Dataset content:
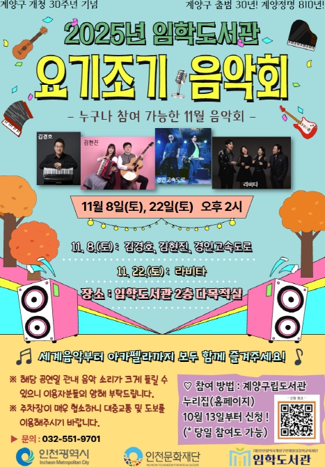 [메이저뉴스]인천 계양구 임학도서관(관장 권경회)에서 지역 주민을 대상으로 ‘요기조기 음악회’를 개최한다.
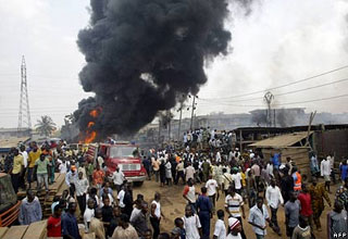 Hôm qua, một tuyến đường ống dẫn dầu phát nổ và bốc cháy dữ dội tại Lagos, trung tâm tài chính lớn nhất Nigeria. Theo thống kê ban đầu có 260 người chết và 60 người bị thương, nhưng số thương vong thực tế được dự đoán còn cao hơn nhiều.
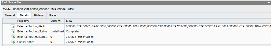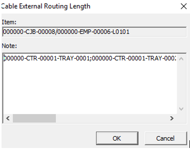 We are retrieving the following values: External Routing Path, External Routing Length and Cable Length.
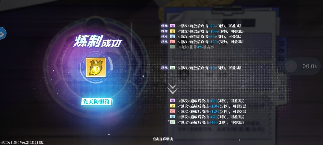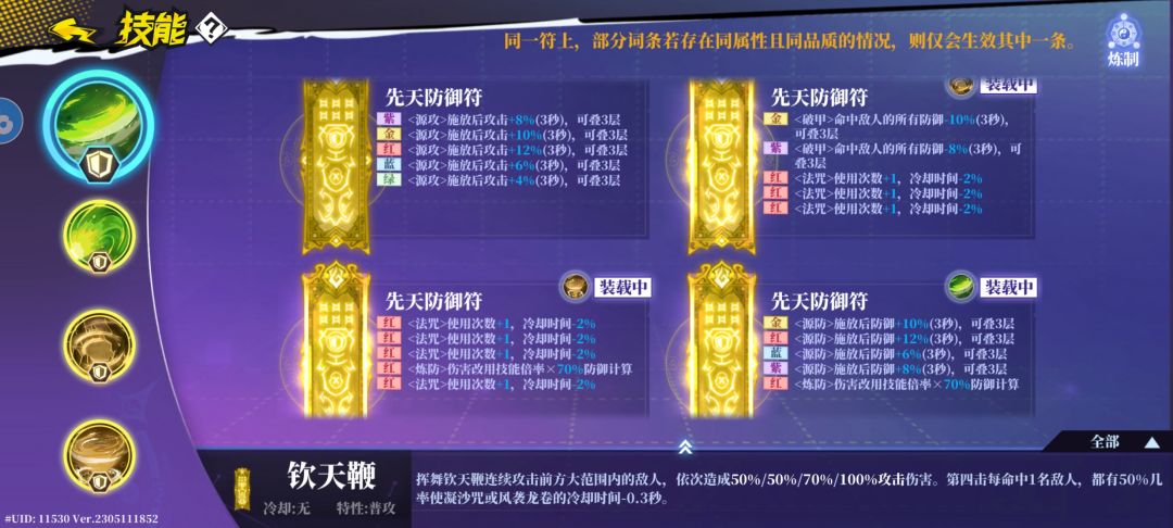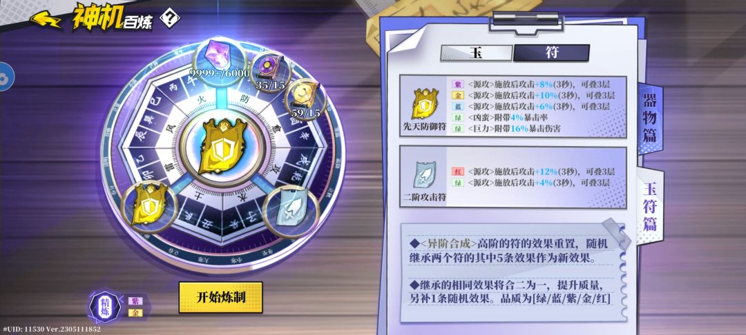 ②2色紫合成方法,有点难,需要一个2阶符,必须2个相同蓝色词条加一个一阶词条。3阶金2阶紫+3阶紫或2阶紫合。

Directions: In the copy, only the lines from the one holding "We are retrieving" through the end of the listing above should appear, retyped exactly, both ends included, with no pictures.

Output for this task:
 We are retrieving the following values: External Routing Path, External Routing Length and Cable Length.
 ②2色紫合成方法,有点难,需要一个2阶符,必须2个相同蓝色词条加一个一阶词条。3阶金2阶紫+3阶紫或2阶紫合。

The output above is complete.